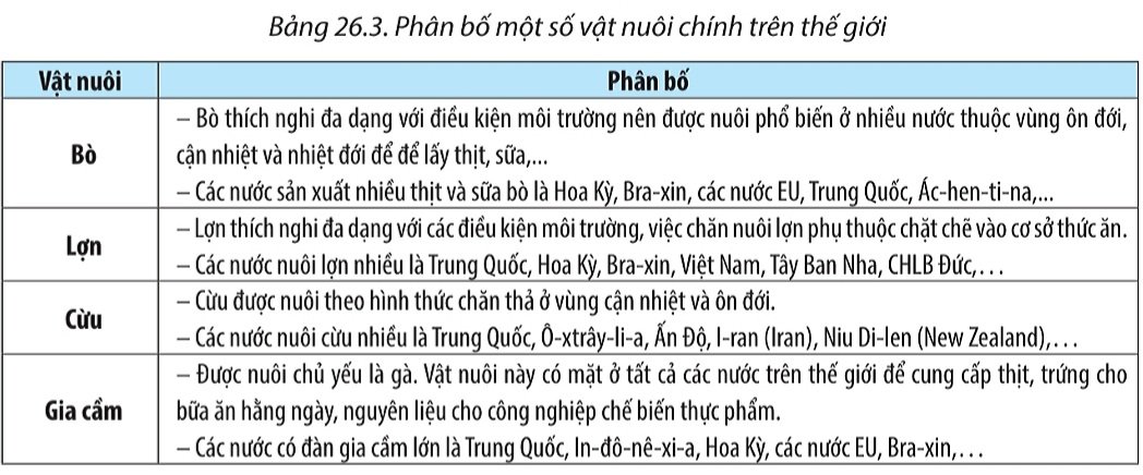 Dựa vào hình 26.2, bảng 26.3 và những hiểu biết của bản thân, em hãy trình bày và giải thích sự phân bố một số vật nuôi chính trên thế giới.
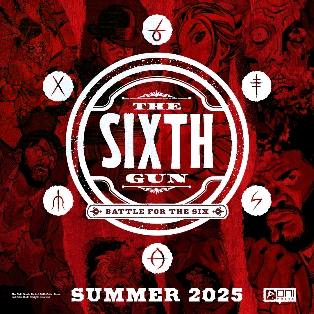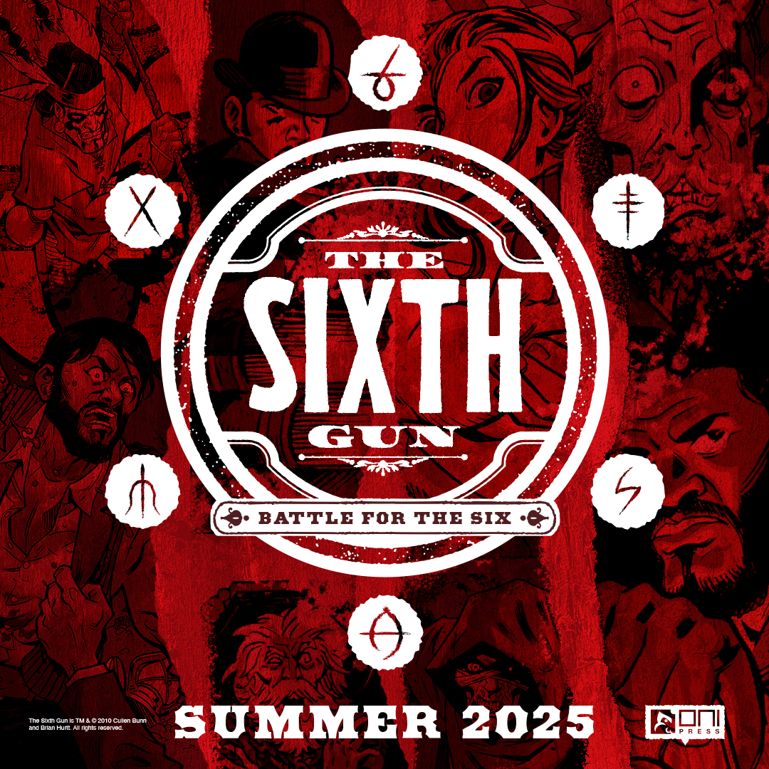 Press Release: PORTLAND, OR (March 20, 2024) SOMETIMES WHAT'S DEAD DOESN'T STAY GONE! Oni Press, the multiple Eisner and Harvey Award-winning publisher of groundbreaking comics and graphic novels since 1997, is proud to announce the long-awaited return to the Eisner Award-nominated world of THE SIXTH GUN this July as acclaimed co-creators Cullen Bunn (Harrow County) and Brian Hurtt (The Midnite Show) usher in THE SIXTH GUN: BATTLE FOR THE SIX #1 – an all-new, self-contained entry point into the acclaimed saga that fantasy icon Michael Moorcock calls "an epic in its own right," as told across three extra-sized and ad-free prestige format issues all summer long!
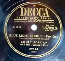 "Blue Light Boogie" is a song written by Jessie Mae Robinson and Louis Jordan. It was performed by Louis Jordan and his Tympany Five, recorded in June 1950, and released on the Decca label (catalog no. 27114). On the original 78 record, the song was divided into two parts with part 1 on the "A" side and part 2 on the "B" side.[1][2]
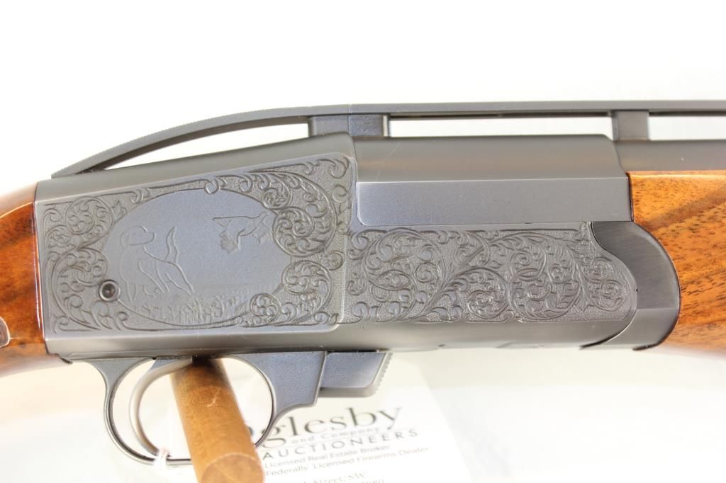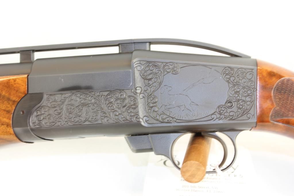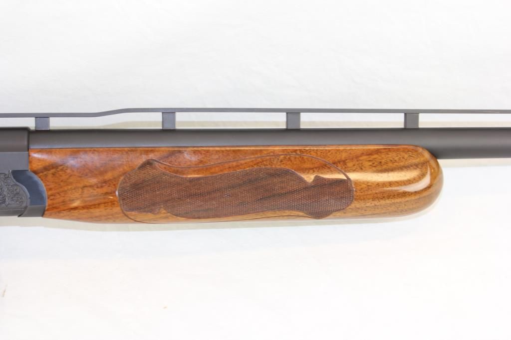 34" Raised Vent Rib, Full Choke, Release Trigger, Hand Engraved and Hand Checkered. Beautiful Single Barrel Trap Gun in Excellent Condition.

---

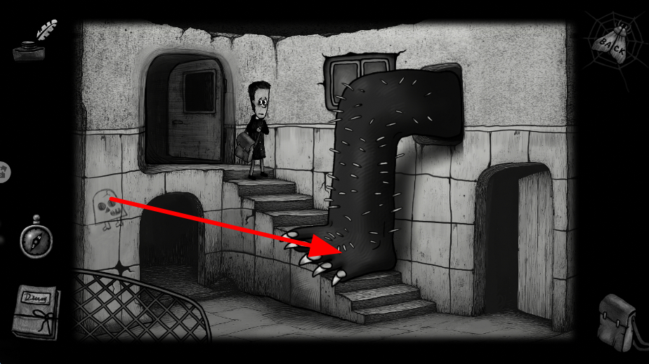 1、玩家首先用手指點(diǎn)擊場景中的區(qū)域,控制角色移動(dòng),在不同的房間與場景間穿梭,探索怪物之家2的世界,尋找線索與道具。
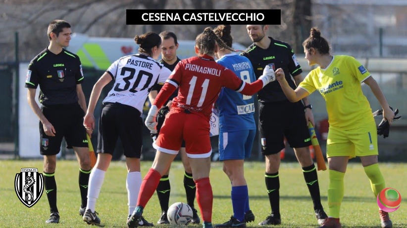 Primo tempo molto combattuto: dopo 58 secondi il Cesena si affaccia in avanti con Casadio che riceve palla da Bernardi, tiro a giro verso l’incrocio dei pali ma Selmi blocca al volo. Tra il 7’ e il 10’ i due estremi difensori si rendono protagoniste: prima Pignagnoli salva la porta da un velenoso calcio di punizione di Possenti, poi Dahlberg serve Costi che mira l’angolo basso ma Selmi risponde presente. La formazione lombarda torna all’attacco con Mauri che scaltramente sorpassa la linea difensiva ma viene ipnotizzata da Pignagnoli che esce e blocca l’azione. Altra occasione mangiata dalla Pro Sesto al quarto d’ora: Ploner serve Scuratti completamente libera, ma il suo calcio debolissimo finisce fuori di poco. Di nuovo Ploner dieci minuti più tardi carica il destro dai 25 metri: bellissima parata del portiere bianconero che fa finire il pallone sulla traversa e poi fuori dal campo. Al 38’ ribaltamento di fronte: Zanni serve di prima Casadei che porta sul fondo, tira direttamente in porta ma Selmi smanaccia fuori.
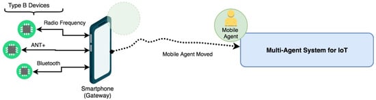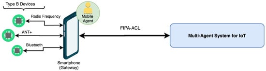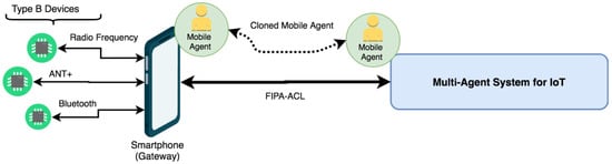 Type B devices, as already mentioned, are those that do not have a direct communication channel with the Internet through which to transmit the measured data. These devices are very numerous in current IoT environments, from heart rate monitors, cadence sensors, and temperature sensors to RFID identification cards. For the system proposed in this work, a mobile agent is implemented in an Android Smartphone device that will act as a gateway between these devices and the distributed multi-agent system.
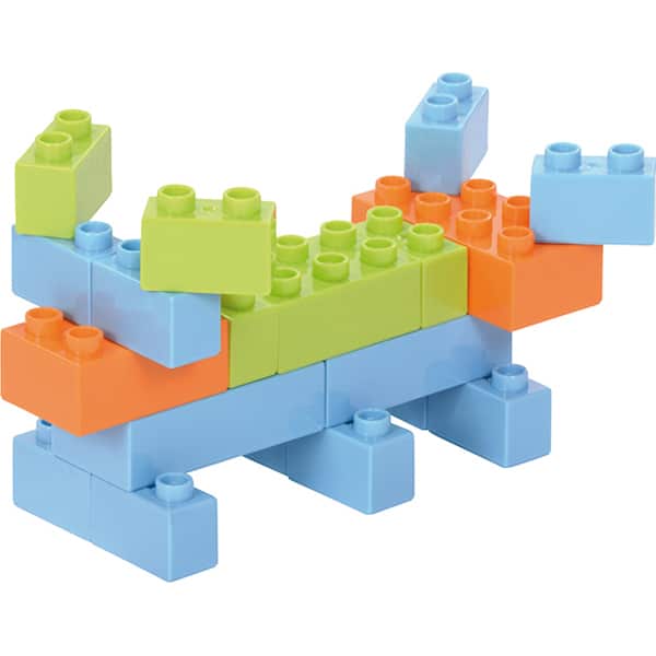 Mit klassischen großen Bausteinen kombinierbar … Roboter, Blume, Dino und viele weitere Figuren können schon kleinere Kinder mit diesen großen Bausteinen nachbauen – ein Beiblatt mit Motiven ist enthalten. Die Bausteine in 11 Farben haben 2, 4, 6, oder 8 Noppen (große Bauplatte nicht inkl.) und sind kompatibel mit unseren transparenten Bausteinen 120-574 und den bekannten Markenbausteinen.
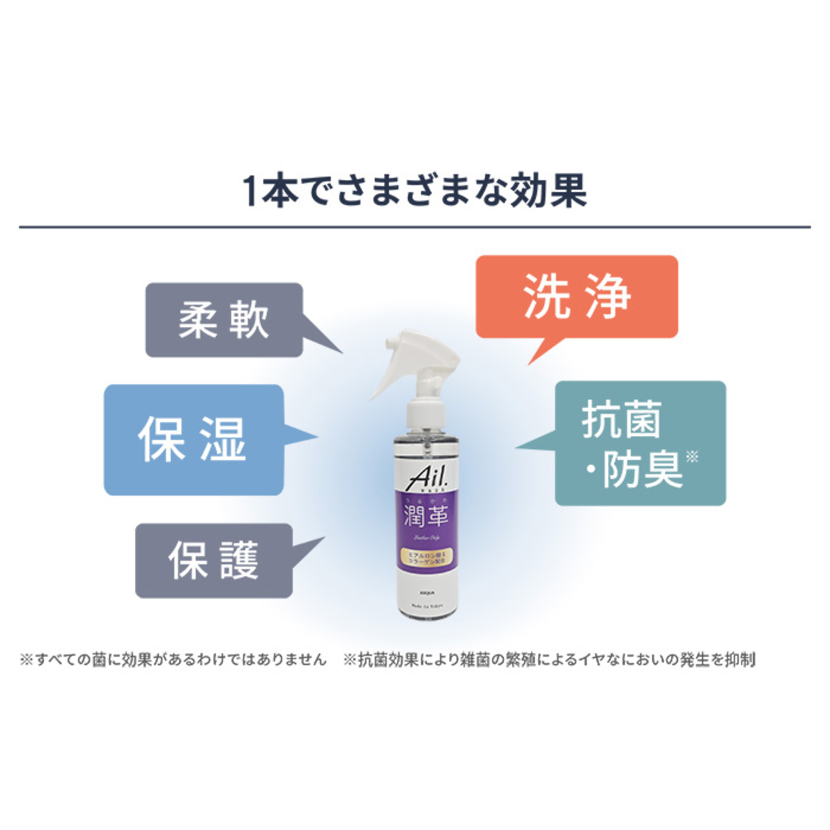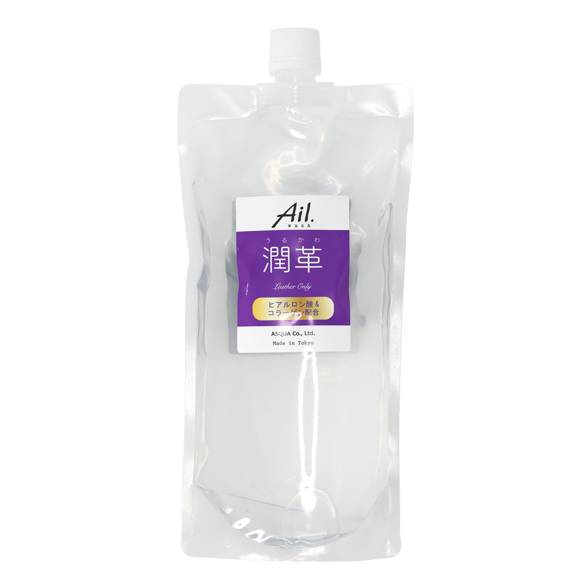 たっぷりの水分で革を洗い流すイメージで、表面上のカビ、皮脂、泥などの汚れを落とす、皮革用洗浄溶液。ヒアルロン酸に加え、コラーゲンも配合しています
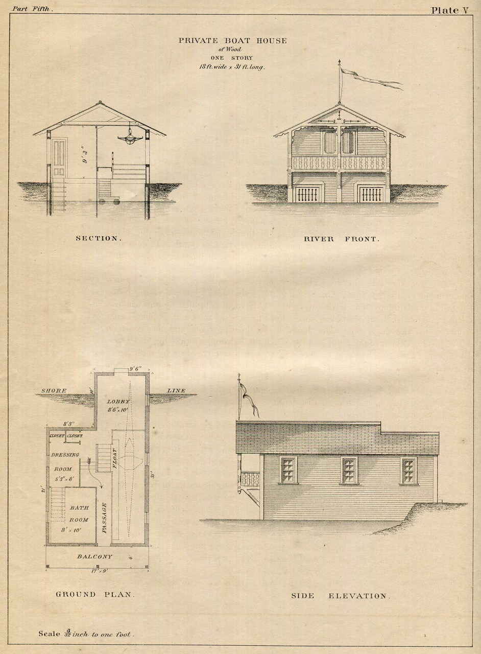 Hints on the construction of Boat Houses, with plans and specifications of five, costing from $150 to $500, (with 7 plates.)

* Work to be completed: Within the listing above, find the line containing "Mit klassischen großen" and the line containing "Hints on the". Transcribe them and everything between them exactly, leaving out the pictures.

* Result of this exercise:
 Mit klassischen großen Bausteinen kombinierbar … Roboter, Blume, Dino und viele weitere Figuren können schon kleinere Kinder mit diesen großen Bausteinen nachbauen – ein Beiblatt mit Motiven ist enthalten. Die Bausteine in 11 Farben haben 2, 4, 6, oder 8 Noppen (große Bauplatte nicht inkl.) und sind kompatibel mit unseren transparenten Bausteinen 120-574 und den bekannten Markenbausteinen.
 たっぷりの水分で革を洗い流すイメージで、表面上のカビ、皮脂、泥などの汚れを落とす、皮革用洗浄溶液。ヒアルロン酸に加え、コラーゲンも配合しています
 Hints on the construction of Boat Houses, with plans and specifications of five, costing from $150 to $500, (with 7 plates.)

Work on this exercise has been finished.